Поддавшись порыву, я даже без разминки и нового разогрева с лёгкостью прокружила фуэте с полусогнутой ногой, которое у меня не получалось! И вся сцена пролетела так, словно я на самом деле была соткана из снежных хлопьев и не подчинялась законам притяжения, потому что не имею веса. Дотанцевав картину, я снова рассмеялась, пусть и тяжело дышала. Смех получился похожим на кашель, я схватилась за поручень беговой дорожки и, громко выдыхая, постановила: надо запомнить это состояние. Впитать каждой клеточкой, чтобы лёгкость прописалась в памяти мышц навсегда.

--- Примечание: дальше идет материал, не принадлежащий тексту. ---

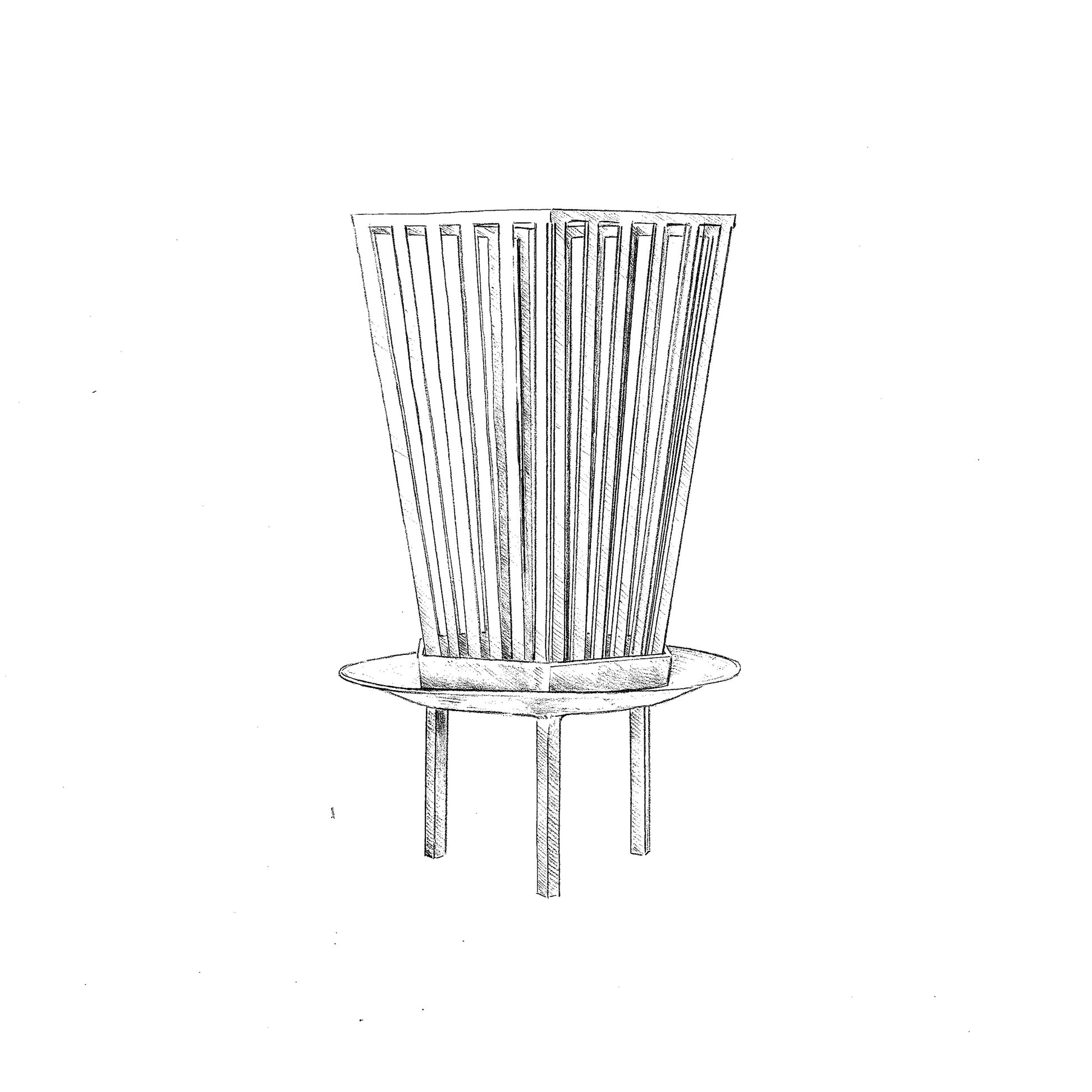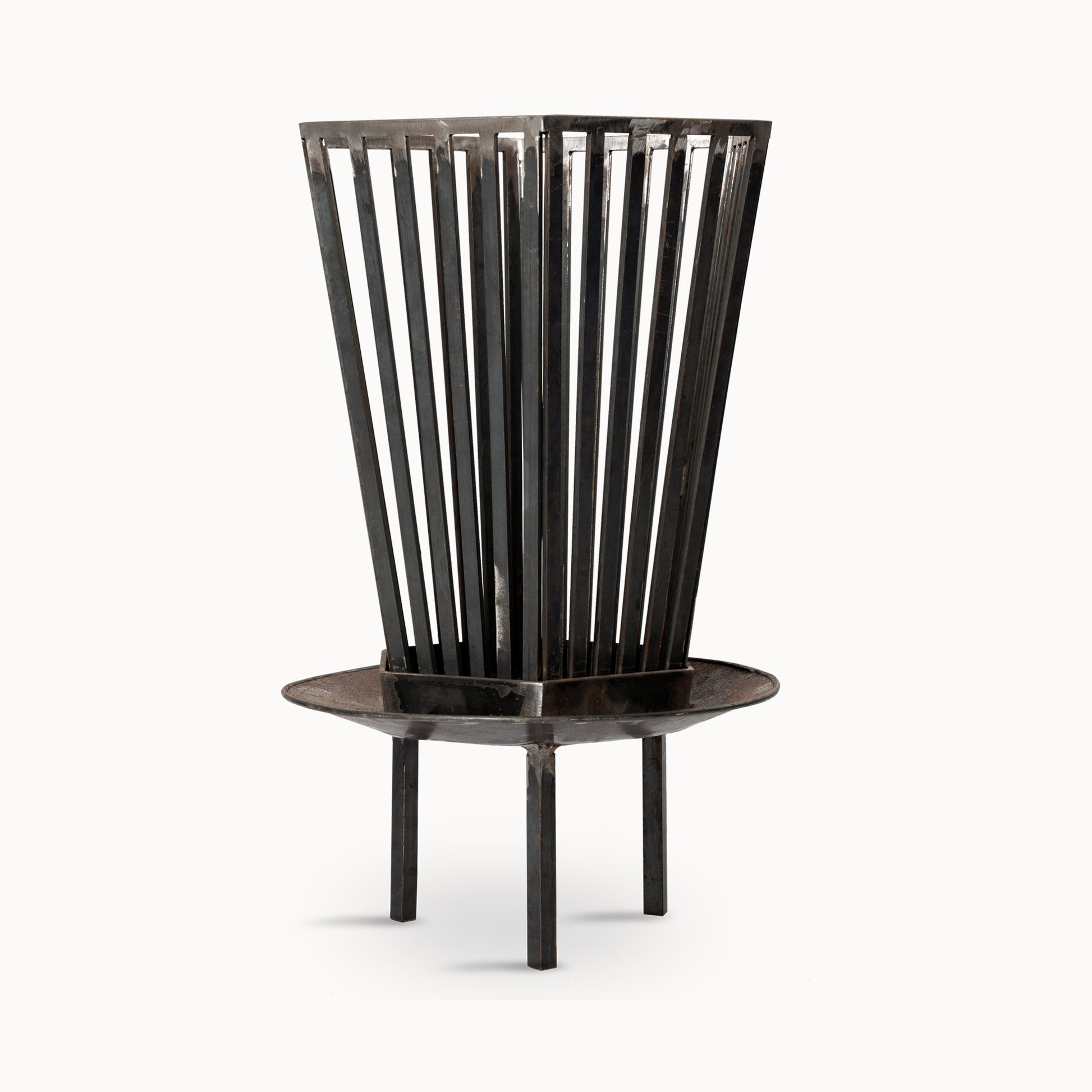 A hexagonal outdoor brazier, perfect for garden terraces or driveways — a glowing beacon for evening gatherings. Its current design owes a detail to a thoughtful guest, who once suggested adding an ash tray beneath: a smart addition now found in every piece.

Я сосредоточилась, закрыла глаза. Дышу. Впитываю. Я невесома. Я из снега. Я умею летать!
Правда, тело было поразительно горячим, особенно в животе. Словно у меня поднялась температура.
Покончив с аутотренингом, я распахнула веки и снова улыбнулась. Как же я удивлю Дорохова, когда покажу ему другую себя! Я уже предвкушала, прокручивая в голове мою презентацию, интерес в демонических глазах нашего «злого гения», разинутые рты Элки и девочек, привыкших видеть меня на вторых ролях. А Римму Евгеньевну и этим не прошибёшь, она обязательно подожмёт губы, и скажет, что это был Снеговик с копытами, потому что Снегурочкам пуанты не подковывают.
Я хмыкала, и в такт настроению грянул облагороженный Чайковским «Камаринский» в сцене народных гуляний. Хоть пляши вместе с ними! Но нет, надо быть экономной. Я позволила себе отдохнуть, просматривая сцену в ноутбуке. Облокотилась о поручень и села на скамеечку, жалея, что Серёжа уехал решать свои криминальные задачи.
Было бы замечательно сейчас порепетировать с ним эту трогательную поддержку под утончённое пение скрипок, помахать воображаемому Берендею с окладистой бородой и… — у меня даже мурашки пробежали по спине и шее, — и снова поцеловаться. Мурашки и тёплые волны не отпускали меня. Это всё волшебное влияние скрипок! У Чайковского они всегда звучат, задевая струны в сердце, заставляя душу петь лирично, вибрируя возвышенным ритмом под кожей…
Грохот! Стук кулаками в дверь выбил меня из состояния задумчивой эйфории. Я подскочила. Серёжа вернулся? Точно, Серёжа! Больше некому, и у него же теперь нет ключа. Сердце затрепетало в волнении. Ах, как хорошо! Может, у него появилось время, и он решил вернуться? Будто мои мысли прочитал!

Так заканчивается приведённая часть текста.